Himba kabilesinden bahsetmişken, onların üzerinde ayrıca durmak gerekiyor. dış görünüş. Bu kabile, Watusi kabilesinin temsilcileri gibi, görünüşlerine ve bakımına büyük önem veriyor.

Himbalar tek bir ayrıntıyı bile gözden kaçırmıyor: saç modeli, çeşitli takılar, kıyafetler - bunların hepsi dikkatle izleniyor çünkü bu, asırlık Himba geleneklerinin bir parçası. Bebek doğduktan hemen sonra bile inci takılar takılır.

Himba'nın güzel yarısının temsilcileri, Namibya'da yaşayan diğer kabilelerin arka planında açıkça öne çıkıyor. Yüksek ince kadın kırmızımsı bir cilt tonuna sahip ve özellikle kıyafet yükü taşımayan.

Kıyafet eksikliği bakır, deniz kabuğu, inci vb. malzemelerden yapılmış çok sayıda dekorasyonla telafi ediliyor. Takılar genel olarak kollara, bacaklara, boyuna, kullanılabilecek her yere takılır.

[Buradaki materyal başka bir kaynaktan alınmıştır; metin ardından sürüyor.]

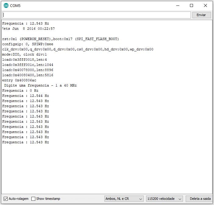 Para facilitar a leitura da frequência no display, pontos são inseridos a cada 3 dígitos, usando as funções ultos e ltos. Essa frequência, além de ser mostrada no display LCD e é enviada também para a console serial da Arduino IDE. Após a amostragem da frequência, os registradores são zerados e as contagens de tempo e dos pulsos são reiniciadas.

Bu şekilde sadece kendilerini dekore etmekle kalmayıp aynı zamanda onları da koruduklarını belirtmekte fayda var. Örneğin Kunene bölgesinde bol miktarda bulunan yılanlardan yapılmış bilek bilezikleri. Ayrıca bu kabilenin kadınları, başlarına sürekli su dolu kaplar takmaları sonucu oluşan mükemmel bir duruşa sahiptir.

Himba kadınları genel olarak çok çekicidir: ince figürler, ince özellikler yüz ve badem şeklindeki gözler.

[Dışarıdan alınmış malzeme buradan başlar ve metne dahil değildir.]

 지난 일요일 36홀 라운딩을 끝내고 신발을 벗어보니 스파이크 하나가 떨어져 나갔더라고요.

Geleneksel olarak Himbalar tüm vücutlarını, yüzlerini ve başlarını yağ, toprak boyası ve kül içeren bir tür merhemle kaplarlar. Bu yüzden ciltleri kırmızı bir renk tonuna sahiptir.

Ayrıca bu şekilde ciltlerini kavurucu Afrika güneşinden de korurlar. Ayrıca bu karışımın benzersiz bir kozmetik etkisi vardır ve cilde esneklik ve parlaklık kazandırır.

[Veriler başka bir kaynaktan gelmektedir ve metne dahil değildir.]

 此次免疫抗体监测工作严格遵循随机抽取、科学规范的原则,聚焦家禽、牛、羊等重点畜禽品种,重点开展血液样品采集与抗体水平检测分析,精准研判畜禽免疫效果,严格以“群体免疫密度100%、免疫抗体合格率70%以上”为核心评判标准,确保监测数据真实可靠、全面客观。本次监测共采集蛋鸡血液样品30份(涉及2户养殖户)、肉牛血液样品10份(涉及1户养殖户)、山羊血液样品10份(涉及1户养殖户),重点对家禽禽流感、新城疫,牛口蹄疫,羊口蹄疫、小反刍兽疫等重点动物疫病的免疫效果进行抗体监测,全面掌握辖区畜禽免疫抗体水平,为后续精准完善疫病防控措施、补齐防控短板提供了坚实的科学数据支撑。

Himba kadınlarının yıkanma alışkanlığı yoktur; tüm hijyen prosedürleri bu karışımla ilişkilidir.

Himba halkının geleneksel kadın saç modelleri, türüne bağlı olarak kızın evli olup olmadığını belirleyebileceğiniz çeşitli örgülerdir. Erkek ve çocuk saç modelleri de oldukça çeşitlidir. Ayrıca evli erkekler bir başlık - türban takarlar.

Kompleks nedeniyle iklim koşulları Himba'ların uygar dünyayla nadiren teması vardır. Dolayısıyla bu kabilenin medeniyetin modern faydalarından aldığı tek şey plastik poşetler ve plastik şişelerdi. Çok sayıda dekorasyonlarını ve ev eşyalarını içlerinde saklıyorlar.

Himbalar, diğer birçok Afrika kabilesi gibi, Afrika'nın sömürge döneminde büyük acılar çektiler. Bu küçük insanlar 1904 yılında acımasız bir soykırıma (toplu imha) maruz kaldı.

Alman sömürge makinesinin temsilcisi Lothar von Troth tarafından gerçekleştirildi. katliamlar ve Namibya topraklarında yaşayan diğer kabilelerin bir kısmı yeryüzünden tamamen silindi (örneğin Herero).

Neyse ki Himbalar da benzer bir kaderden kaçınmayı başardı ancak bu kabilenin sayısı keskin bir şekilde azaldı.